What the task asks – Your copy should begin with the line containing "10月11日(月)には、試運", end with the line containing "本次比赛分为初赛和复赛两轮进", match the listing below exactly, and contain no pictures.
-------
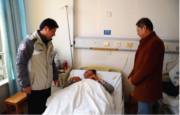 12月29日下午,公用公司党支部书记、总经理韦斌在公司工会主席卢燕翔及综合部、物业部相关负责人的陪同下,来到安医二附院骨科病房,亲切慰问在创建工作中受伤住院的香怡物业安保人员张海华。
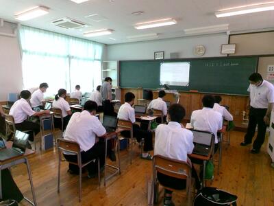 10月11日(月)には、試運転で接続テストをする先生や設置されたプロジェクターを使用して授業を行うクラスもありました。
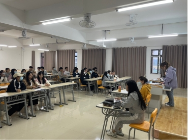 本次比赛分为初赛和复赛两轮进行,学生们热情高涨,在2022年5月9日晚的初赛中共有42支参赛队伍分成四组进行角逐,辅导员员禹辛、苗青青、刘子恢及任课教师胡月分别带队担任评委。初赛分两轮进行,第一轮为1v1形式的单选题对抗赛,先获5分的队伍即可晋级下一轮。第二轮为1v1v1单选多选对抗赛,先获5分的队伍进入复赛。
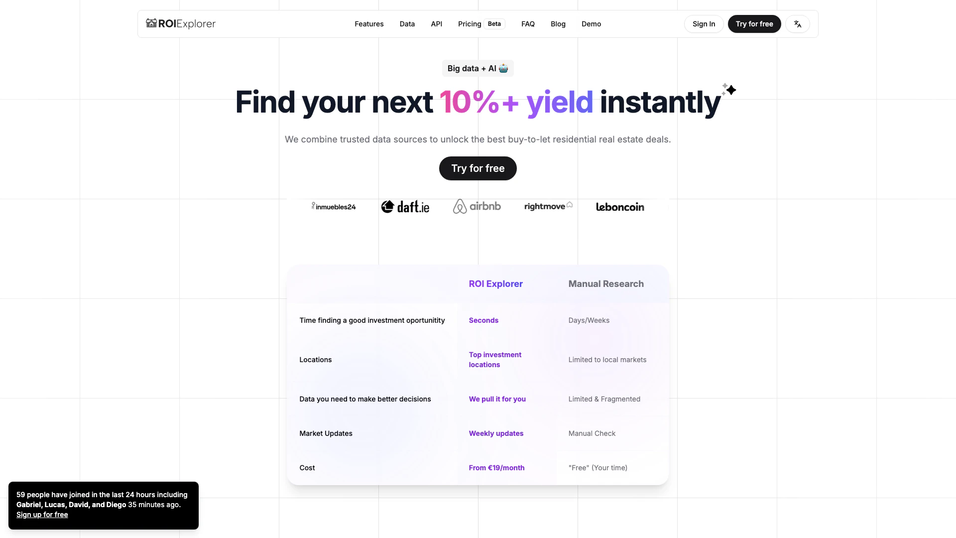 ROI Explorer is a cutting-edge SaaS platform[3] designed to revolutionize real estate[1] investment analytics[2]. It empowers investors by providing advanced tools to make data-driven decisions, enabling them to maximize returns in a rapidly changing market. The platform combines trusted data sources and AI technology to help users quickly identify lucrative buy-to-let residential real estate deals, reducing the time and effort traditionally required for manual research. With ROI Explorer, investors can access comprehensive market insights, analyze properties efficiently, and stay updated on market trends, all from one user-friendly interface.
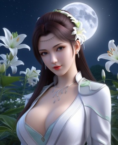 <lora:576-DA-XL-斗破苍穹-云韵-白服:0.8>(,1girl, ,best quality, ),looking at viewer,  ,ultra detailed background,ultra detailed background,ultra realistic 8k cg, , ,masterpiece, (( , )),, ultra realistic 8k cg, ,      ,lily \(flower\) ,full moon ,strawberry blossoms      (cleavage), (),
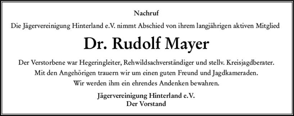 Hier finden Sie alle Traueranzeigen aus der Zeitung, die bisher für Rudolf Mayer erschienen sind. Weitere Traueranzeigen, die in der Zeitung erscheinen, werden hier ebenfalls aufgelistet
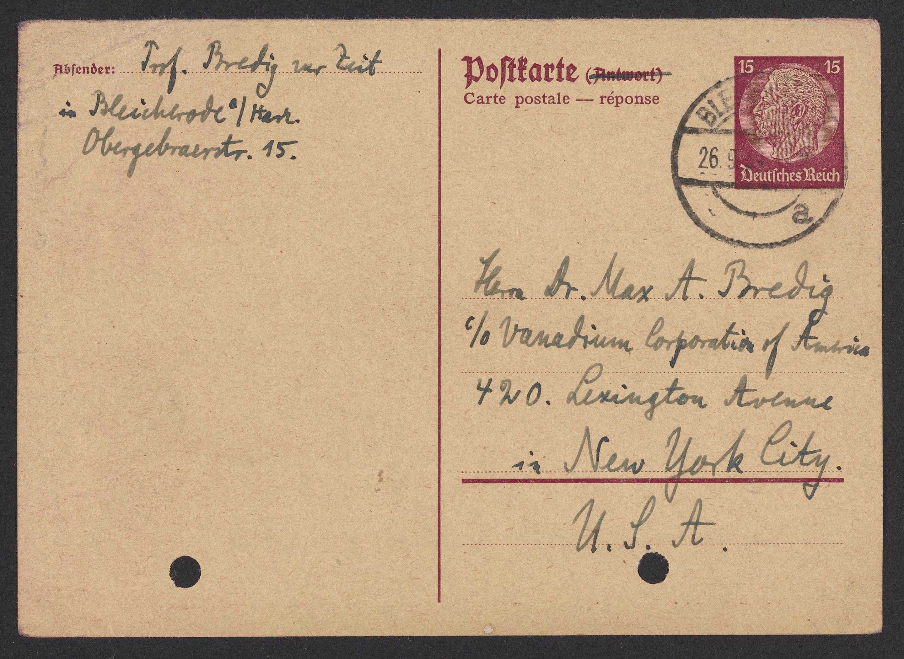 Bredig, Georg. “Postcard from Georg Bredig to Max Bredig, September 26, 1939,” September 26, 1939. Papers of Georg and Max Bredig, Box 7, Folder 15. Science History Institute. Philadelphia. https://digital.sciencehistory.org/works/liu5yr9.
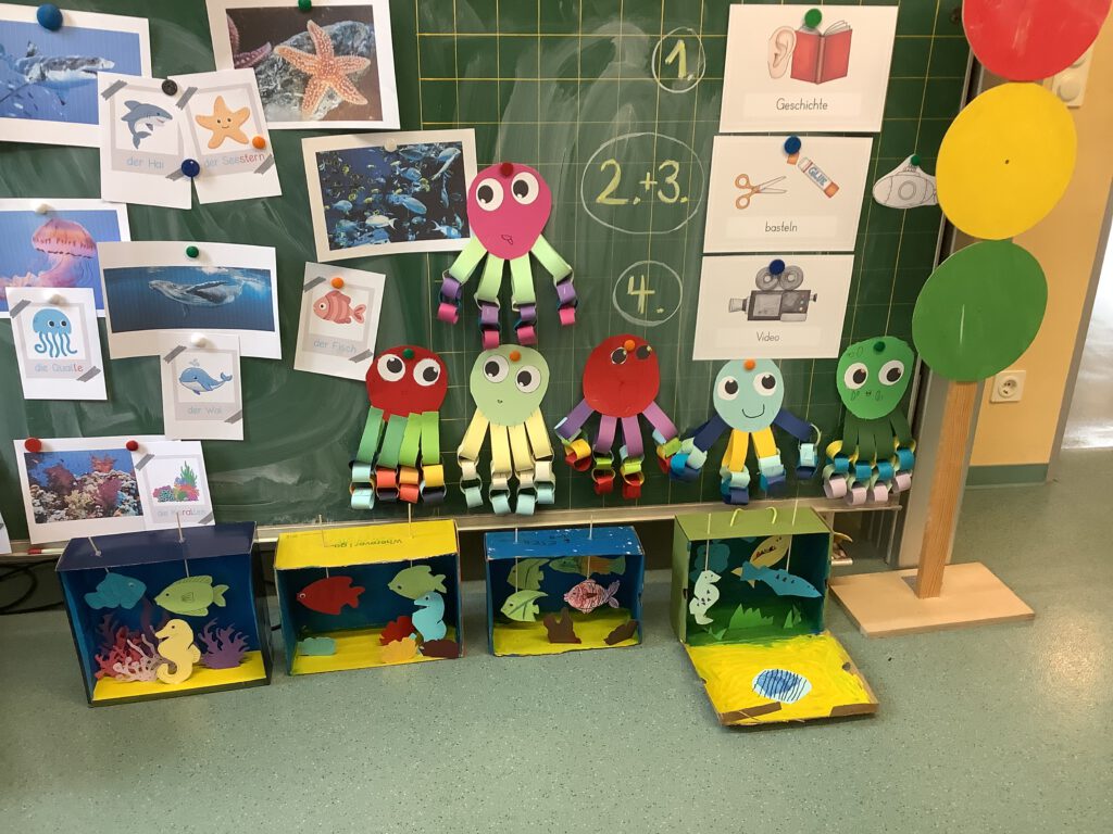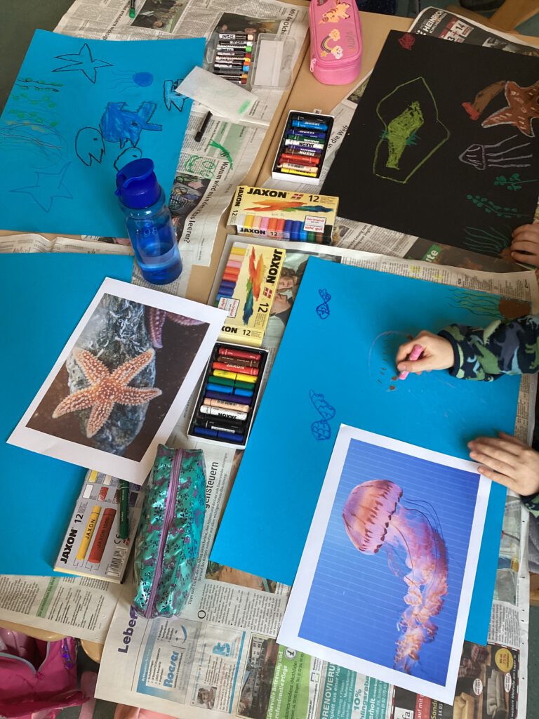 Dieses Jahr hat sich nach ersten Vorschlägen durch die Lehrerkonferenz unser Kinderparlament eine Projektwoche zum Thema „Unterwasser“ gewünscht. Diese Woche arbeiten die Kinder in jahrgangsübergreifenden kleineren Gruppen zum Thema:
-------
Written reply –
 10月11日(月)には、試運転で接続テストをする先生や設置されたプロジェクターを使用して授業を行うクラスもありました。
 本次比赛分为初赛和复赛两轮进行,学生们热情高涨,在2022年5月9日晚的初赛中共有42支参赛队伍分成四组进行角逐,辅导员员禹辛、苗青青、刘子恢及任课教师胡月分别带队担任评委。初赛分两轮进行,第一轮为1v1形式的单选题对抗赛,先获5分的队伍即可晋级下一轮。第二轮为1v1v1单选多选对抗赛,先获5分的队伍进入复赛。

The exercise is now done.